## What this task involves
Every line of the data should be written out exactly, with the pictures left out.

## Given information
-=-=-

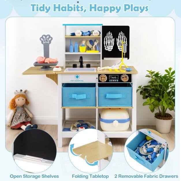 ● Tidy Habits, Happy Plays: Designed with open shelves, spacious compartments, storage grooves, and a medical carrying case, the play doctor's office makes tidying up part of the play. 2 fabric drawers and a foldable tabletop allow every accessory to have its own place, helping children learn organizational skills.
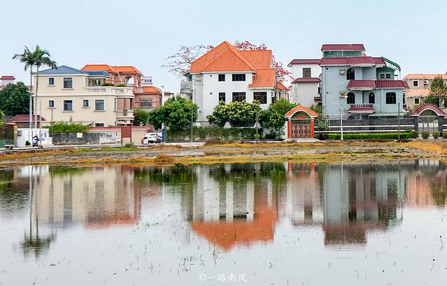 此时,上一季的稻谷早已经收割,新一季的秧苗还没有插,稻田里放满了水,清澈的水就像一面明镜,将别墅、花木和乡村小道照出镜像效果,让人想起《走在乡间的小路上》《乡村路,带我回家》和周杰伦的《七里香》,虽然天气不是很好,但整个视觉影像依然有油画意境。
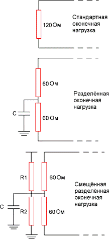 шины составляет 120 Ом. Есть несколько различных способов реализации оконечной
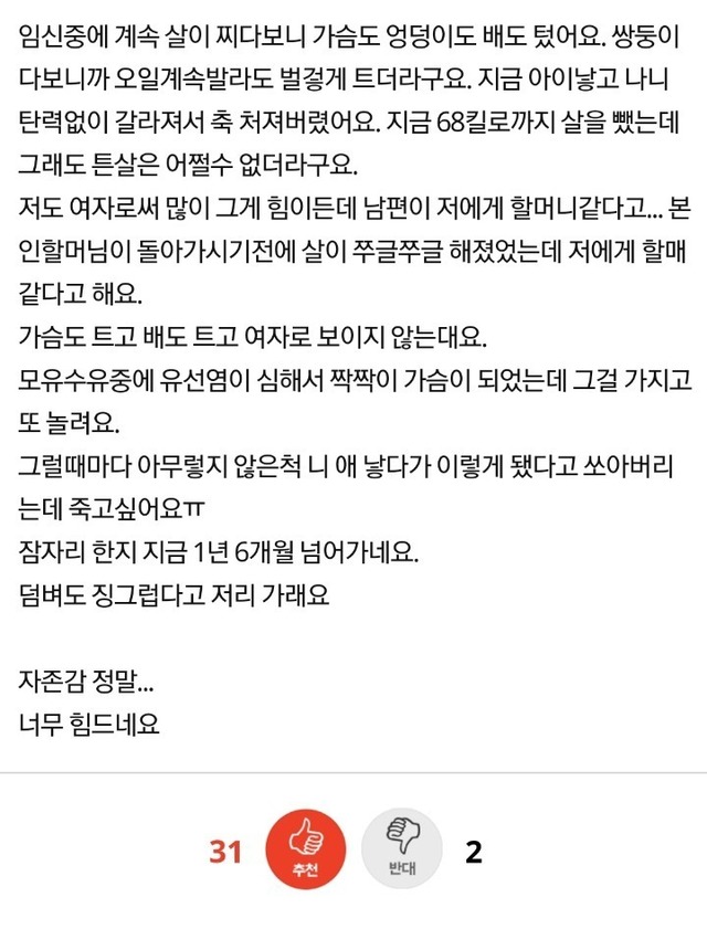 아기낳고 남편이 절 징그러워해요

-=-=-

## Output for this task
 ● Tidy Habits, Happy Plays: Designed with open shelves, spacious compartments, storage grooves, and a medical carrying case, the play doctor's office makes tidying up part of the play. 2 fabric drawers and a foldable tabletop allow every accessory to have its own place, helping children learn organizational skills.
 此时,上一季的稻谷早已经收割,新一季的秧苗还没有插,稻田里放满了水,清澈的水就像一面明镜,将别墅、花木和乡村小道照出镜像效果,让人想起《走在乡间的小路上》《乡村路,带我回家》和周杰伦的《七里香》,虽然天气不是很好,但整个视觉影像依然有油画意境。
 шины составляет 120 Ом. Есть несколько различных способов реализации оконечной
 아기낳고 남편이 절 징그러워해요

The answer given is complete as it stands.